Davidson challenged MU instructors gathered in Jesse Hall Auditorium May 20 to rethink their teaching approaches. “Take inventory of your habits and drop those that don’t serve you,” said Davidson, an expert on the history and future of communication technologies.
Davidson, this year’s keynote speaker at MU’s Celebration of Teaching event, carved out a career as a teacher and lecturer on new ideas and methods for higher-education learning and workplace development.
From 1998 to 2006, Davidson was vice provost for interdisciplinary studies at Duke University. Until recently she was a professor of English and of interdisciplinary studies at Duke.
In July, she starts at the City University of New York as director of the Futures Initiative, a system-wide program to develop collaborative innovations in higher education. Her most recent book is Now You See It: How Technology and Brain Science Will Transform Schools and Business for the 21st Century (Viking, 2011).
During her lecture, Davidson was quite the provocateur. She called into question the standardized method of learning that she and most of the audience members mastered on their paper trail through undergraduate, graduate and doctoral studies.

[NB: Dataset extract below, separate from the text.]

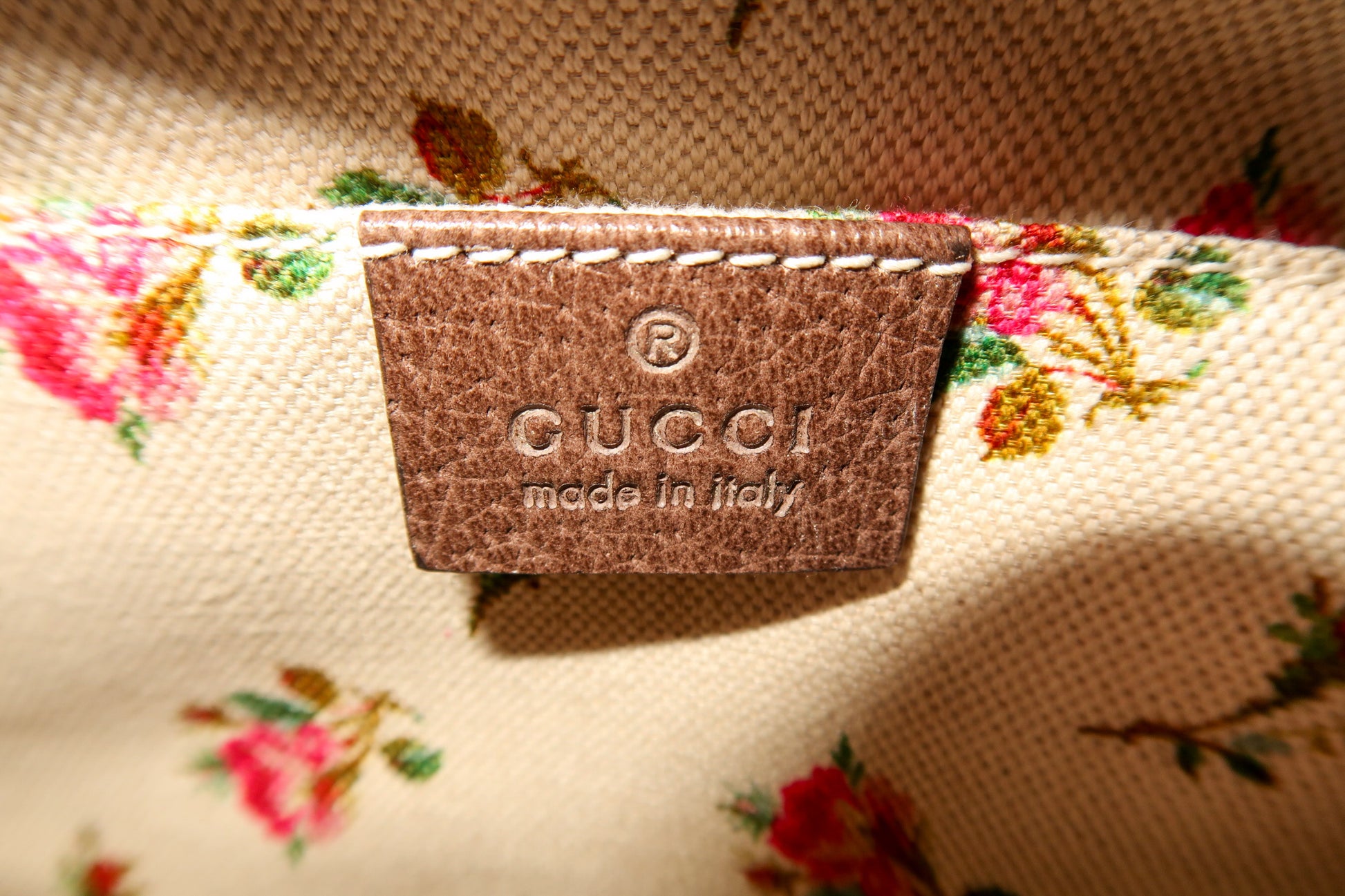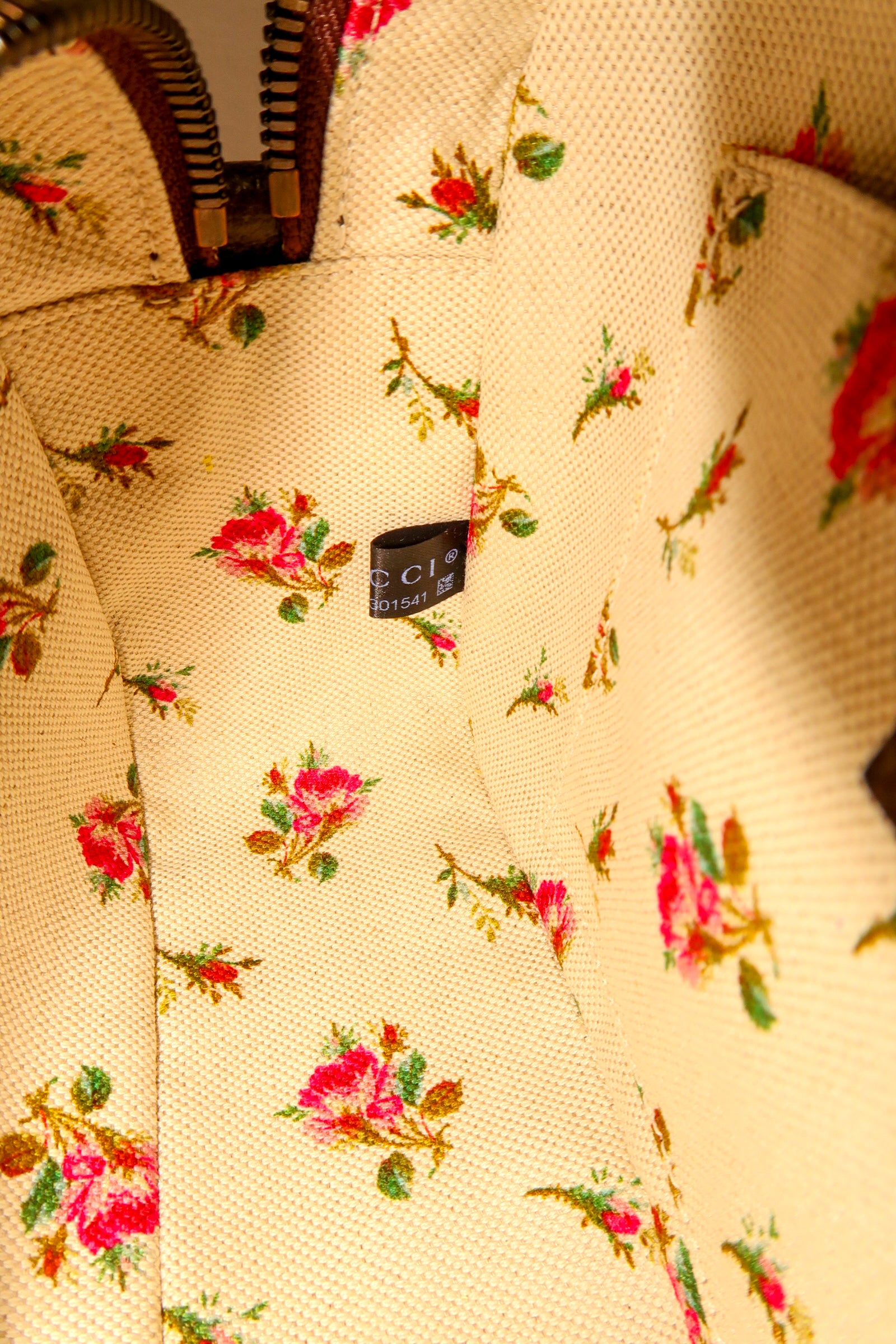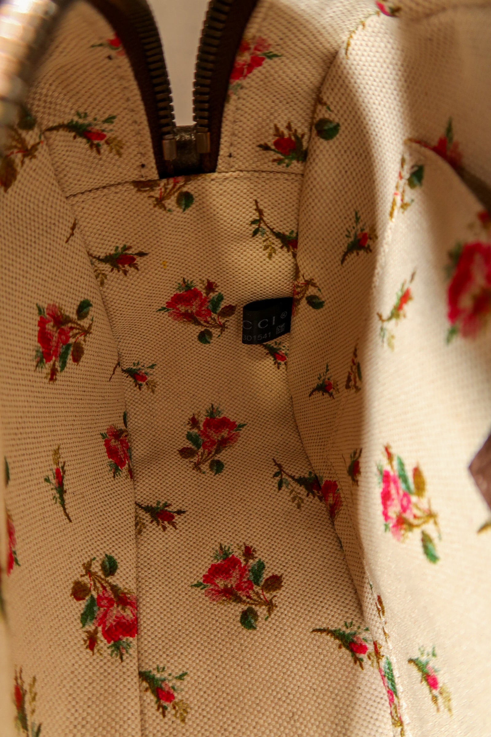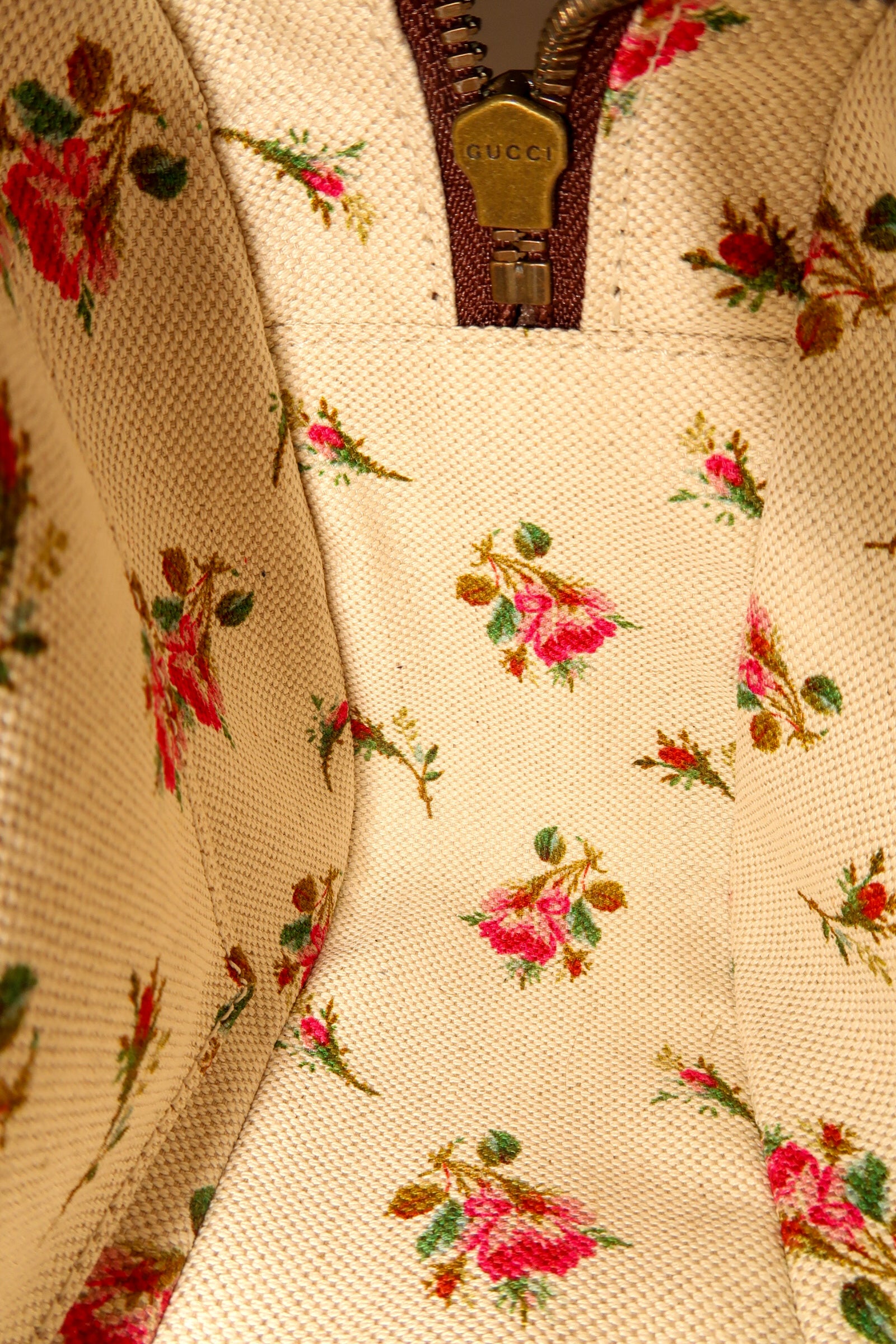 Beige/ebony GG Supreme coated canvas. Smooth brown leather trim Detachable green and red Web shoulder strap with leather ends Zip-around top closure . Front Gucci leather patch with gold bee detail. Gold-tone hardware throughout

Traditional education in America is based on theories and strategies developed between the 1860s and 1920s, she said. During this period, standardized testing was created that was easy to grade and administer to a large number of students.
Over the decades, some education experts have taken swings at standardized testing. The hardest hit piñata has been multiple choice, which, while time-efficient, can contain ambiguously phrased questions and limit students’ ability to show subject knowledge.

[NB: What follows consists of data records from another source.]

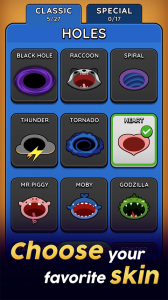 4、游戏以多人对战为主要玩法,玩家在游戏中将化身黑洞,在繁华的大都市街头吞噬各种物品,让自己变得更加庞大。每局游戏的资源有限,玩家为了将自己变成更加庞大的存在,必须抓紧时间去吞噬物品,甚至其他细小的黑洞,成为黑洞界的大佬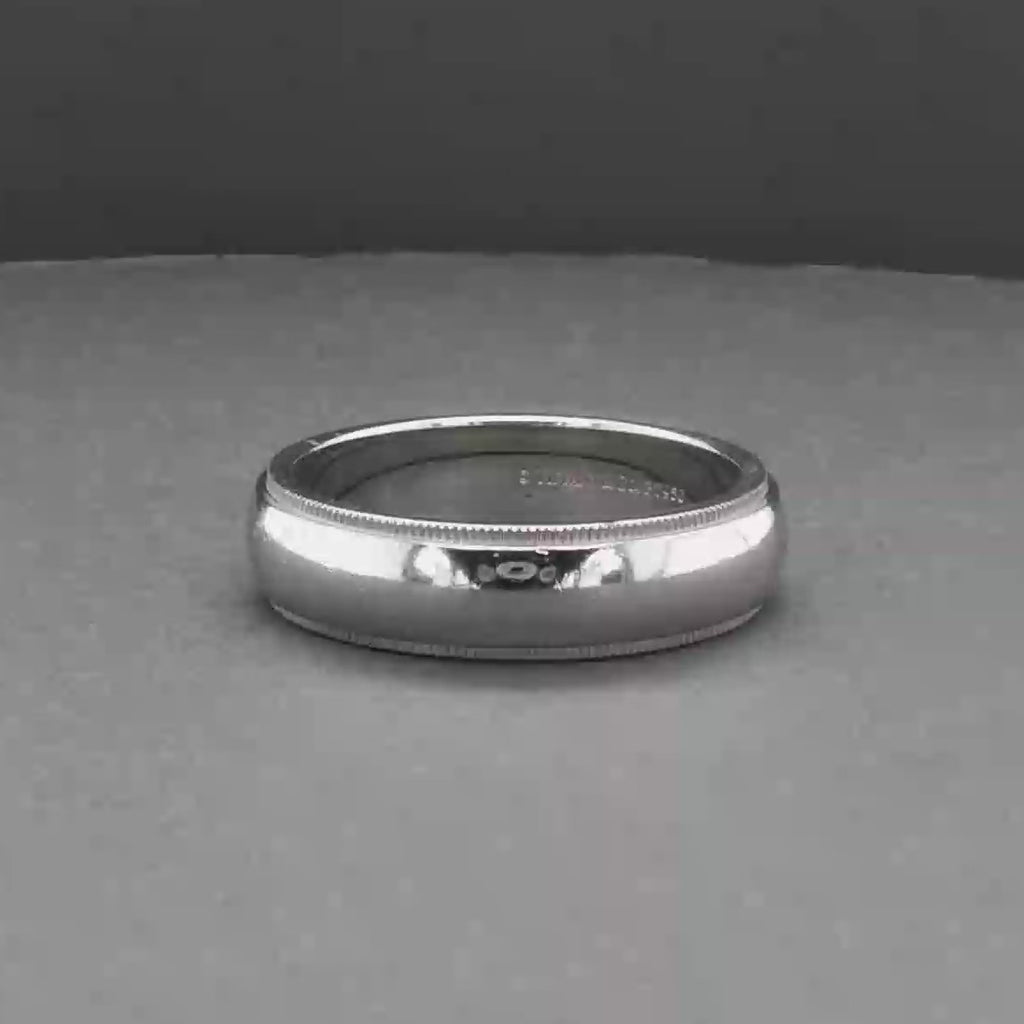 This elegant estate Tiffany & Co. platinum ring features a polished finish with delicate milgrain edges, measuring 6.04mm wide. Sized at 10.75 and weighing 10.20 dwt, this timeless design offers the option to be resized for a perfect fit. A retired piece originally valued at $3,100, it embodies exceptional craftsmanship and enduring sophistication.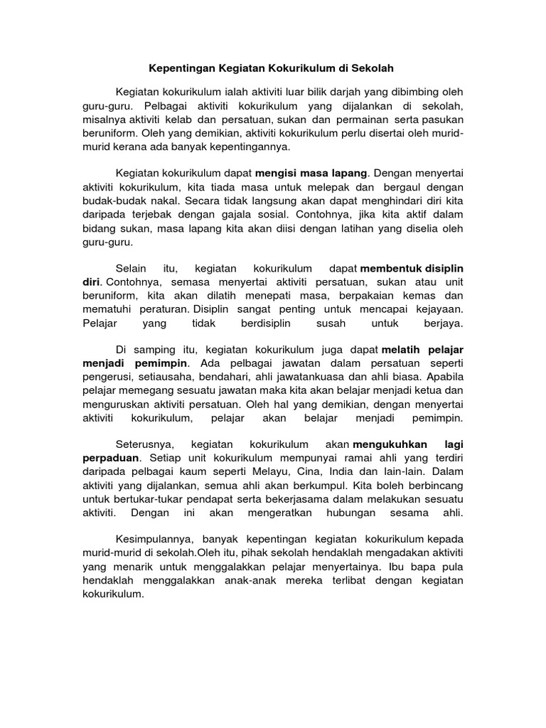 Kebaikan Menyertai Aktiviti Kokurikulum Pdf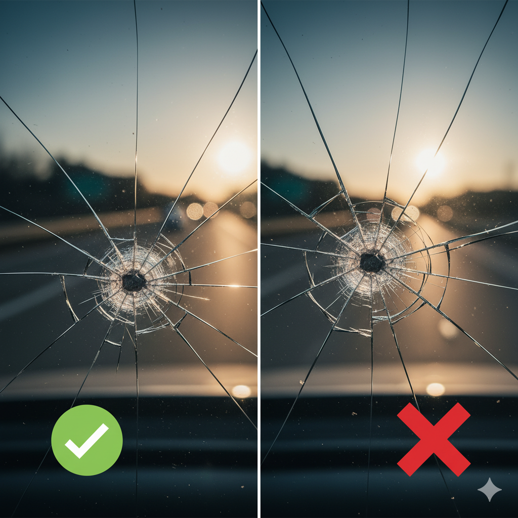 Лобовое стекло — это «триплекс». Два слоя стекла, а между ними пленка. Если камень пробил внешний слой и повредил пленку или, что хуже, внутренний слой стекла (прощупывается пальцем из салона) — ремонт невозможен. Конструктивная прочность потеряна.
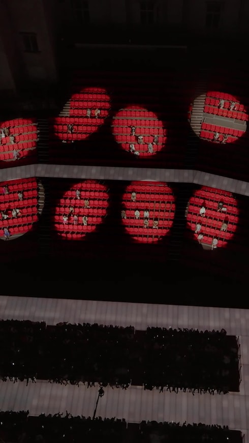 Théâtre des grandes passions, le Palais des Papes d'Avignon prête ses murs historiques à la réflexion de Nicolas Ghesquière sur l'aspect performatif du vêtement et la puissance émotionnelle qu'il véhicule.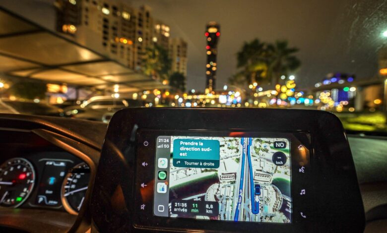 The screen of a GPS attached to the dashboard of a vehicle as residents of Dubai face GPS disruptions on March 9, 2026, in Dubai. The United Arab Emirates decried that it was being targeted “in a very unwarranted manner” in the war, stressing it would “not partake in any attacks against Iran”, which has lashed out at Gulf countries seen as US allies. (Photo by AFP via Getty Images)

Multiple choice has been characterized as a measurer of “lower-order skills,” while problem-solving and “higher-order reasoning skills” are better measured in essays and papers, Davidson said.
Davidson didn’t advocate ending standardized testing, but she did encourage instructors to think about other ways of measuring student learning. She challenged instructors to “transform critical thinking into creative contribution” from students. “Encourage students to lead the way” in their education, she said.

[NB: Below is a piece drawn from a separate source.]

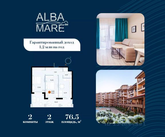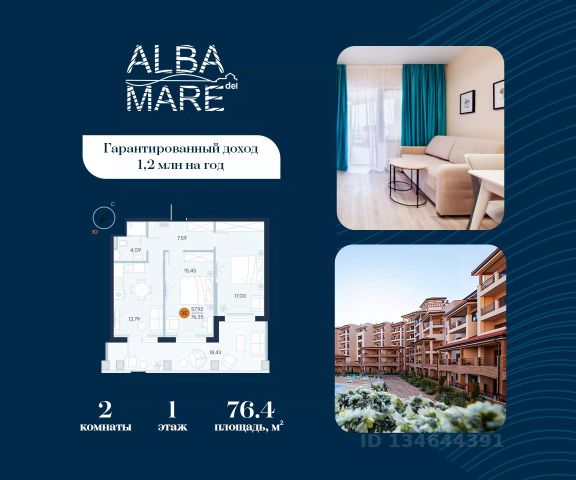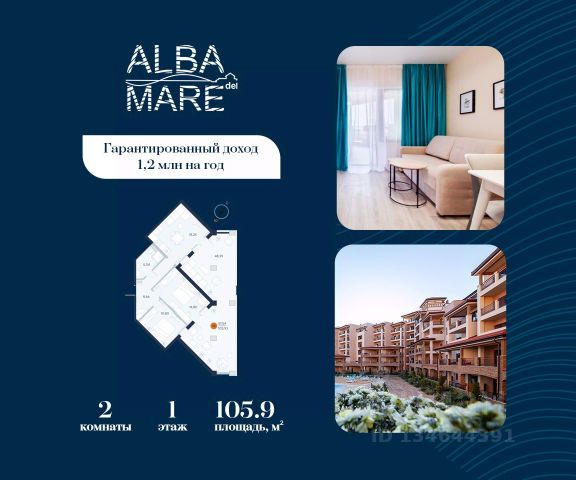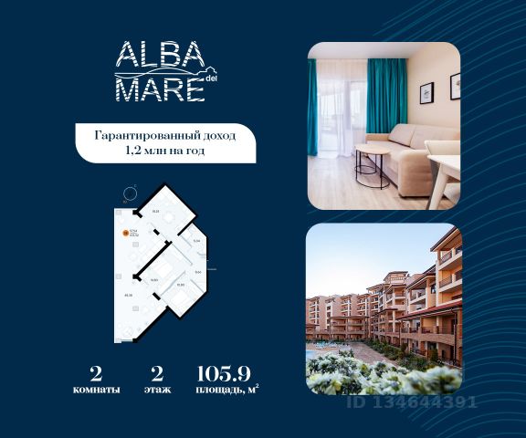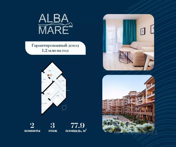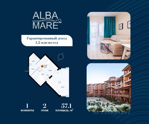 Продаются апартаменты в построенном комплексе. Срок сдачи 4 квартал 2024 года. Альба Дель Маре это комплекс апартаментов бизнес-класса с развитой инфраструктурой. Уютные здания переменной этажности строятся в 5 минутах ходьбы (385 метров) от одного из лучших пляжей Евпатории "Супер Аква Бич". Широкая береговая линия, места для активного отдыха и зоны релакса позволят насладиться отдыхом на любой вкус. Архитектурное решение комплекса создает истинное ощущение Средиземноморья и присутствия на дорогом курорте: скатные черепичные крыши, козырьки и навесы-перголы, арочные завершения проемов, цветовая палитра отделки и фасадов, где используются оттенки желтого, охры, терракоты и бежевого. Переменная этажность здания формирует камерность проекта, создавая прекрасные видовые характеристики для каждого апартамента. Просторные террасы с видом на море, патио с собственным выходом к бассейну на первых этажах комплекса, детская и спортивная площадки, ландшафтный дизайн здесь все создано для роскошного отдыха и расслабления. Территория комплекса апартаментов закрыта и находится под круглосуточным видеонаблюдением, что позволит резидентам и гостям чувствовать безопасность проживания. Концепция комплекса: комфорт проживания с первых дней заселения. Реализация апартаментов осуществляется с полной отделкой под ключ. Собственники апартаментов имеют возможность поручить управление недвижимостью профессиональному оператору, что позволит получать стабильный доход. Автономная газовая котельная позволит не зависеть от внешних отключений отопления., парковочные места на закрытой территории комплекса обеспечат безопасность вашему автомобилю, система центрального кондиционирования создаст комфортную температуру в каждом номере. Жилой комплекс реализуется в соответствии с 214 ФЗ.

Davidson received the most applause when she warned that emphasis on STEM (science, technology, engineering, math) was “taking creativity out of schools.”
This led to the issue of the Web.
Yes, the Internet can be abused. Studies show that the Internet can corrode attention span, reading comprehension and eat up hours in trivial Web surfing. Even though the Internet offers more information than ever before at people’s fingertips, teenagers and young adults still lack basic knowledge of history, geography and politics, to name a few. A 2010 poll found that only 12 percent of high school students have a basic understanding of American history.
But the Internet is not going away. So how do educators utilize it? Davidson asked the audience to think long and hard and creatively about harnessing digital media as a teaching tool, and to venture beyond their pre-conceived notions of instruction.
“Learn, unlearn and relearn,” Davidson said.